- [RECORDS FOR THE TASK]:
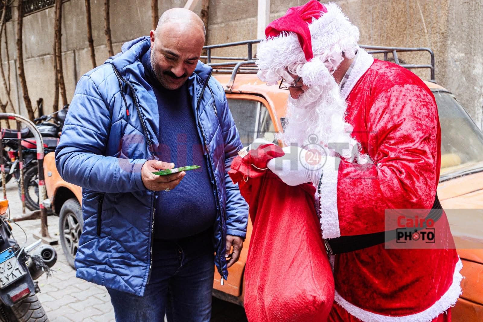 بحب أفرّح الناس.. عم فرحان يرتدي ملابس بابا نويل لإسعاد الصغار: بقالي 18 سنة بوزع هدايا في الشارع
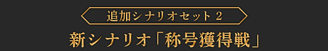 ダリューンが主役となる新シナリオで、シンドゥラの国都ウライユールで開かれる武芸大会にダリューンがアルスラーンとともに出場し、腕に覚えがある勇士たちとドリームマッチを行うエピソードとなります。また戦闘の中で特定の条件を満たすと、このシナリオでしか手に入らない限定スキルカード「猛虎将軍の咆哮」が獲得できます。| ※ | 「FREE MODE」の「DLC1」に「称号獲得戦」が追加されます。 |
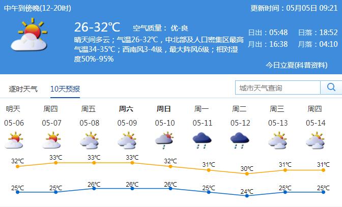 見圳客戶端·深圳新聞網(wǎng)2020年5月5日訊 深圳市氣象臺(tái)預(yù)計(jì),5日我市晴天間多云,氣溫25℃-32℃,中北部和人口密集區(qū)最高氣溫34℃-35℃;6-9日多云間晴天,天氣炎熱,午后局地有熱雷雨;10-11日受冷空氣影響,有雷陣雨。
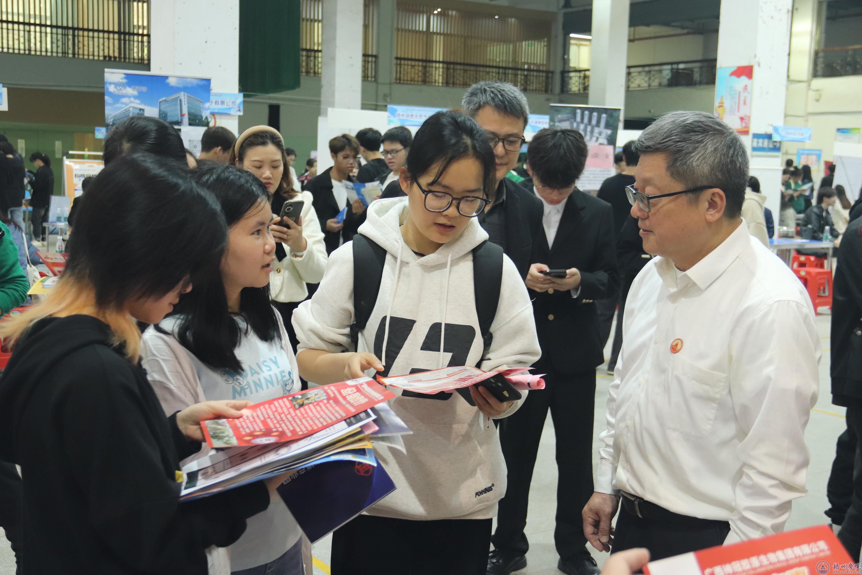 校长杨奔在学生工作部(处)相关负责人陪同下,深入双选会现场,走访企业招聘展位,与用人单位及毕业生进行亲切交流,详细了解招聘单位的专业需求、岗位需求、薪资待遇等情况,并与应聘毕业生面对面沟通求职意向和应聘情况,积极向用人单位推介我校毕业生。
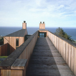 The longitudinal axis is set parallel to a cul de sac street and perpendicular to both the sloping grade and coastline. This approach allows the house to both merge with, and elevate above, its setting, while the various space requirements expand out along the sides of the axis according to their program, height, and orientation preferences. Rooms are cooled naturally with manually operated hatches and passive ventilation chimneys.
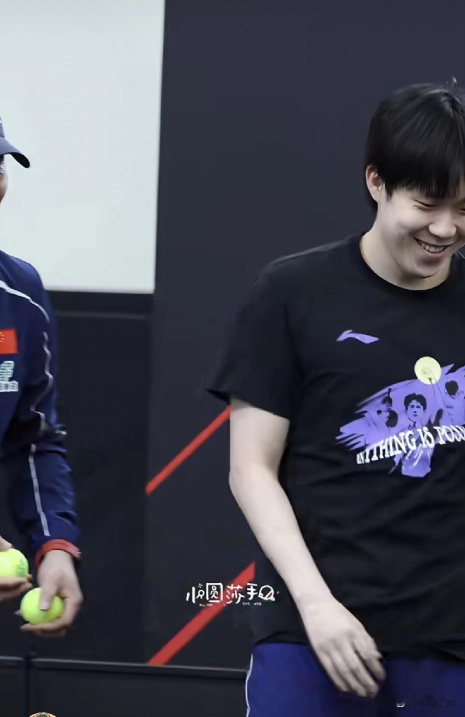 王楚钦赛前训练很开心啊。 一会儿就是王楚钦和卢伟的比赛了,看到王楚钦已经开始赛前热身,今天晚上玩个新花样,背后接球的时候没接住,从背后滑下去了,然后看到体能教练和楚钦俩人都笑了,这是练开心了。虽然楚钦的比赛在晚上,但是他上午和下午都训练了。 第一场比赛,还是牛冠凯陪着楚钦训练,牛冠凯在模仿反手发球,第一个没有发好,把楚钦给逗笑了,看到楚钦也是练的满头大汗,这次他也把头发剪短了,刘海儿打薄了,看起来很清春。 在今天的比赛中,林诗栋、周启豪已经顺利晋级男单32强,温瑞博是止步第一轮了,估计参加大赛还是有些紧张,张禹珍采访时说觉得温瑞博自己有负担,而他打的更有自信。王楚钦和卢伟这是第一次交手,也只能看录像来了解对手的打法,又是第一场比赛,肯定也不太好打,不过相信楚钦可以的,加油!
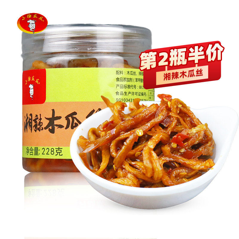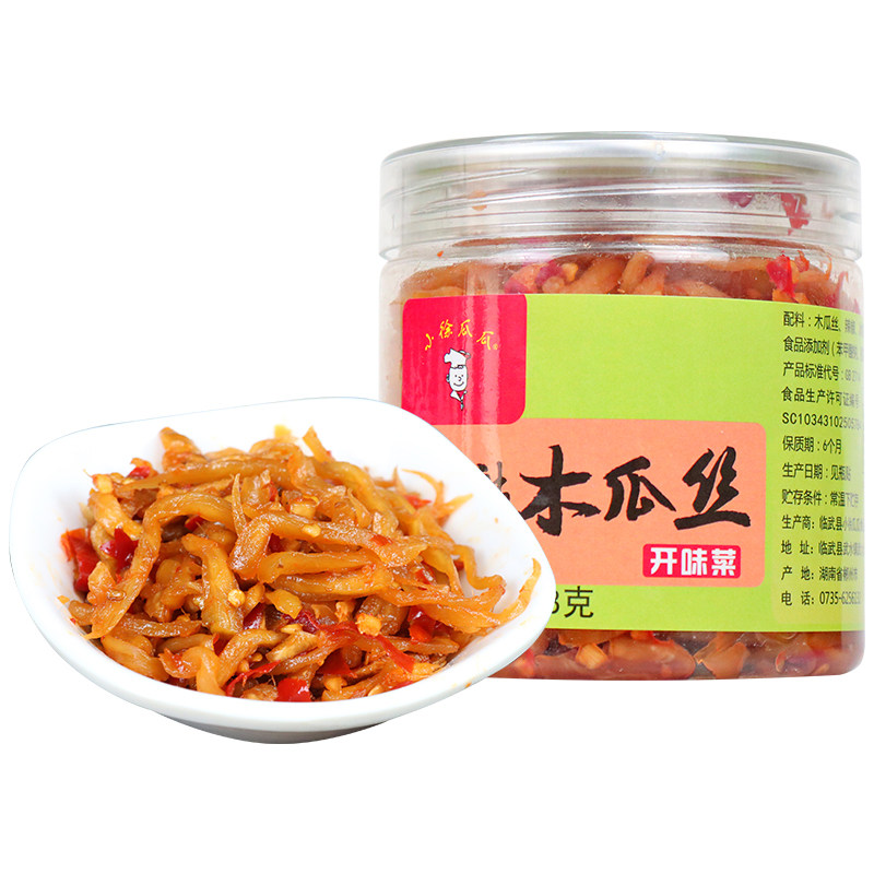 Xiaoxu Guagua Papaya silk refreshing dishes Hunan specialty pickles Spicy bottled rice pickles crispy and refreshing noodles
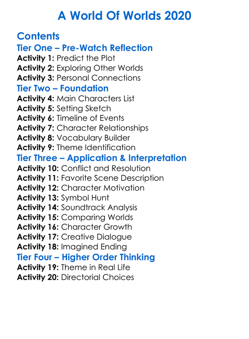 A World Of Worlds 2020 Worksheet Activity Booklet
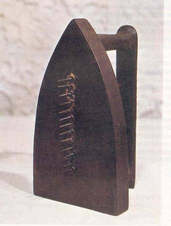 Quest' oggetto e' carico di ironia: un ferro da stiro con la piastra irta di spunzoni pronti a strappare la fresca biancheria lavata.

- [REQUIRED WORK]: Please retype exactly the lines from the one containing "A World Of Worlds" through the last line of the records, both included, leaving out every picture.

- [ANSWER BELOW]:
 A World Of Worlds 2020 Worksheet Activity Booklet
 Quest' oggetto e' carico di ironia: un ferro da stiro con la piastra irta di spunzoni pronti a strappare la fresca biancheria lavata.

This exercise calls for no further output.